**INFORMATION SUPPLIED:**
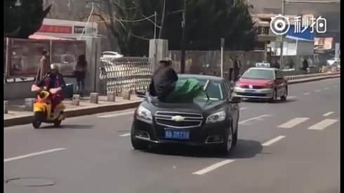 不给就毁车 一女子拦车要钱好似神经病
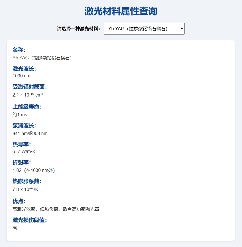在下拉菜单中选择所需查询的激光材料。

...

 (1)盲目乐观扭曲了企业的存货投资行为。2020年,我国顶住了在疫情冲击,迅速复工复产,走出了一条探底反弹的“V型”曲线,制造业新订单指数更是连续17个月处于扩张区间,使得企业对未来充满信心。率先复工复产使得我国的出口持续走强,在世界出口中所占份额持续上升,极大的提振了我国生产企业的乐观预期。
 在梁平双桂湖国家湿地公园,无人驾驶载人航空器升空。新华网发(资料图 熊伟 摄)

**GOAL OF THE EXERCISE:** Within the material above, copy exactly the lines from the line that holds "(1)盲目乐观扭曲了企业的存" up to and including the line that holds "在梁平双桂湖国家湿地公园,无人驾驶载人航空器升空。新华网发(资料图 熊伟 摄)".

**EXPECTED ANSWER:**
 (1)盲目乐观扭曲了企业的存货投资行为。2020年,我国顶住了在疫情冲击,迅速复工复产,走出了一条探底反弹的“V型”曲线,制造业新订单指数更是连续17个月处于扩张区间,使得企业对未来充满信心。率先复工复产使得我国的出口持续走强,在世界出口中所占份额持续上升,极大的提振了我国生产企业的乐观预期。
 在梁平双桂湖国家湿地公园,无人驾驶载人航空器升空。新华网发(资料图 熊伟 摄)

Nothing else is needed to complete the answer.